(Items from a data source)
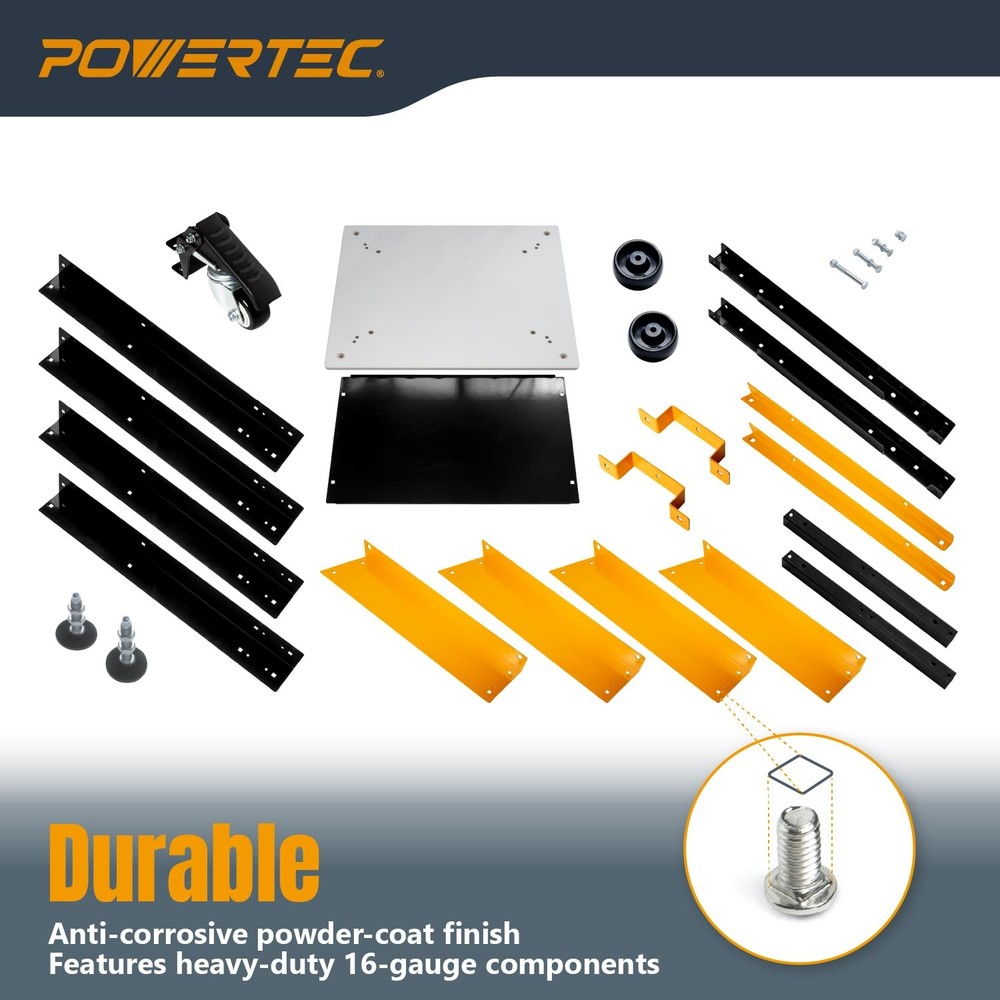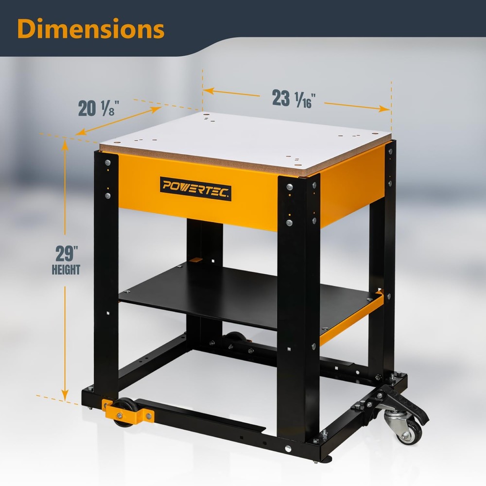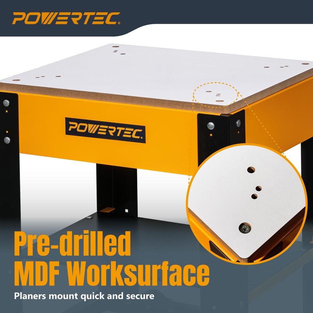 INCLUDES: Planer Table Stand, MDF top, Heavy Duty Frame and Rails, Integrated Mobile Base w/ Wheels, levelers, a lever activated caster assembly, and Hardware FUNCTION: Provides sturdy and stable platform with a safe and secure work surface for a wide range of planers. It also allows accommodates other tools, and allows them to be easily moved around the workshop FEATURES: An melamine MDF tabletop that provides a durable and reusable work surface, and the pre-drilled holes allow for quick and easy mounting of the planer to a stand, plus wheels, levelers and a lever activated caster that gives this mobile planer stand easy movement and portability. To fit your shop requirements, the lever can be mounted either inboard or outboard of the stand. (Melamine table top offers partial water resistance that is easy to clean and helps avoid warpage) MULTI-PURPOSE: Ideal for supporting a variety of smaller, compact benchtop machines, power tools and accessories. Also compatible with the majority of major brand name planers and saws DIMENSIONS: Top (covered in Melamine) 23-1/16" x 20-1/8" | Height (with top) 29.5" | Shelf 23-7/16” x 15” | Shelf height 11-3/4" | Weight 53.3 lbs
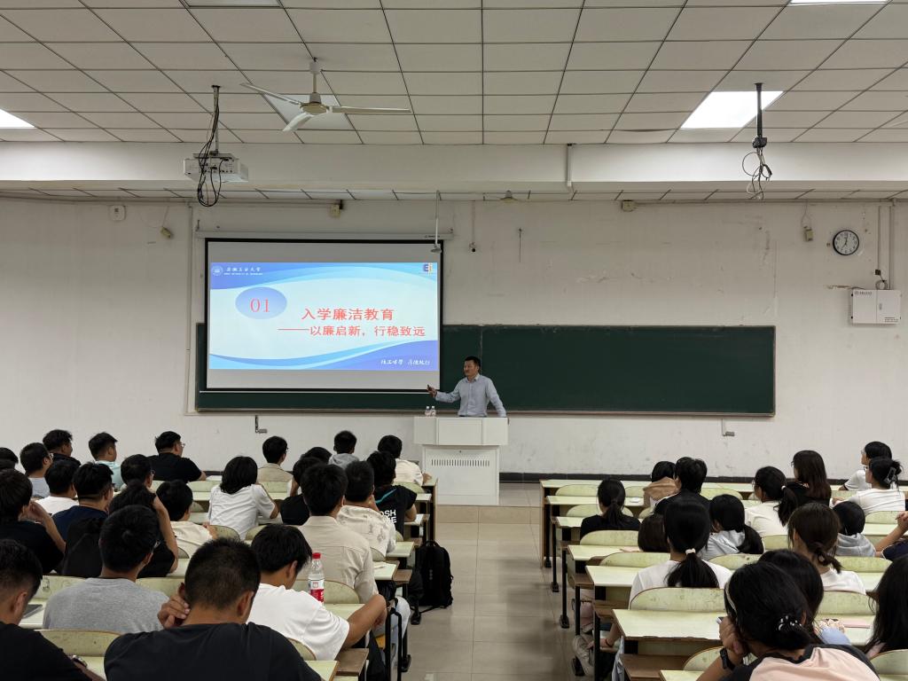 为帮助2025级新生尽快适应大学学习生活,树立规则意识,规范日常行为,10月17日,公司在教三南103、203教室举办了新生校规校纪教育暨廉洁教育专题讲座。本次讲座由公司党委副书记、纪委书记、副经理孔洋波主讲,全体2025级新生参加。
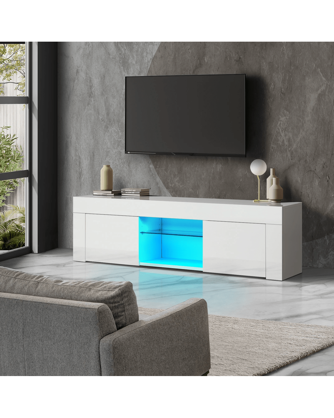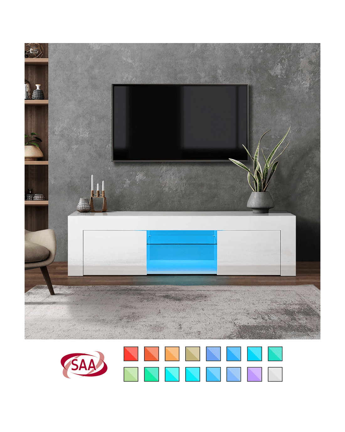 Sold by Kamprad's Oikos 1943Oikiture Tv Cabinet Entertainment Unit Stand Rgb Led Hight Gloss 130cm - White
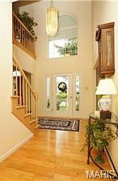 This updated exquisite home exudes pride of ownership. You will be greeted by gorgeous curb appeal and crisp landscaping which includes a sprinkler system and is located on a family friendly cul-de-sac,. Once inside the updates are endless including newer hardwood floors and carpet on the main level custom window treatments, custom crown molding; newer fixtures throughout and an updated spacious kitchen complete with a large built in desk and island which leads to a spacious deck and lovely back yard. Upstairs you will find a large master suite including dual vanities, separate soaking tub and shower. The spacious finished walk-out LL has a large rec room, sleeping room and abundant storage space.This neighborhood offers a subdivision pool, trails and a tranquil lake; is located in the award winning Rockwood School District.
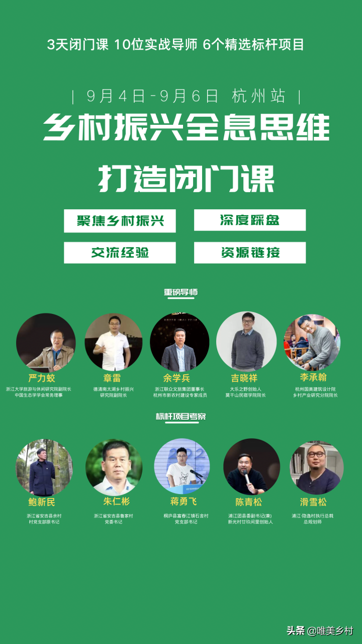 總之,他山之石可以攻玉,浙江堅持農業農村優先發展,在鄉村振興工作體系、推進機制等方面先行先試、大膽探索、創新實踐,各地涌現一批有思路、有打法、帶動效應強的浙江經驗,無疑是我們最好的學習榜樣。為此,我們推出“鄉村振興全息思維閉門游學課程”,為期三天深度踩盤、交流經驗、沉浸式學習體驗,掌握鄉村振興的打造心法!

*INSTRUCTIONS TO FOLLOW*. Type out the entries again without a single change, and leave the pictures out.

*WRITTEN ANSWER*.
 INCLUDES: Planer Table Stand, MDF top, Heavy Duty Frame and Rails, Integrated Mobile Base w/ Wheels, levelers, a lever activated caster assembly, and Hardware FUNCTION: Provides sturdy and stable platform with a safe and secure work surface for a wide range of planers. It also allows accommodates other tools, and allows them to be easily moved around the workshop FEATURES: An melamine MDF tabletop that provides a durable and reusable work surface, and the pre-drilled holes allow for quick and easy mounting of the planer to a stand, plus wheels, levelers and a lever activated caster that gives this mobile planer stand easy movement and portability. To fit your shop requirements, the lever can be mounted either inboard or outboard of the stand. (Melamine table top offers partial water resistance that is easy to clean and helps avoid warpage) MULTI-PURPOSE: Ideal for supporting a variety of smaller, compact benchtop machines, power tools and accessories. Also compatible with the majority of major brand name planers and saws DIMENSIONS: Top (covered in Melamine) 23-1/16" x 20-1/8" | Height (with top) 29.5" | Shelf 23-7/16” x 15” | Shelf height 11-3/4" | Weight 53.3 lbs
 为帮助2025级新生尽快适应大学学习生活,树立规则意识,规范日常行为,10月17日,公司在教三南103、203教室举办了新生校规校纪教育暨廉洁教育专题讲座。本次讲座由公司党委副书记、纪委书记、副经理孔洋波主讲,全体2025级新生参加。
 Sold by Kamprad's Oikos 1943Oikiture Tv Cabinet Entertainment Unit Stand Rgb Led Hight Gloss 130cm - White
 This updated exquisite home exudes pride of ownership. You will be greeted by gorgeous curb appeal and crisp landscaping which includes a sprinkler system and is located on a family friendly cul-de-sac,. Once inside the updates are endless including newer hardwood floors and carpet on the main level custom window treatments, custom crown molding; newer fixtures throughout and an updated spacious kitchen complete with a large built in desk and island which leads to a spacious deck and lovely back yard. Upstairs you will find a large master suite including dual vanities, separate soaking tub and shower. The spacious finished walk-out LL has a large rec room, sleeping room and abundant storage space.This neighborhood offers a subdivision pool, trails and a tranquil lake; is located in the award winning Rockwood School District.
 總之,他山之石可以攻玉,浙江堅持農業農村優先發展,在鄉村振興工作體系、推進機制等方面先行先試、大膽探索、創新實踐,各地涌現一批有思路、有打法、帶動效應強的浙江經驗,無疑是我們最好的學習榜樣。為此,我們推出“鄉村振興全息思維閉門游學課程”,為期三天深度踩盤、交流經驗、沉浸式學習體驗,掌握鄉村振興的打造心法!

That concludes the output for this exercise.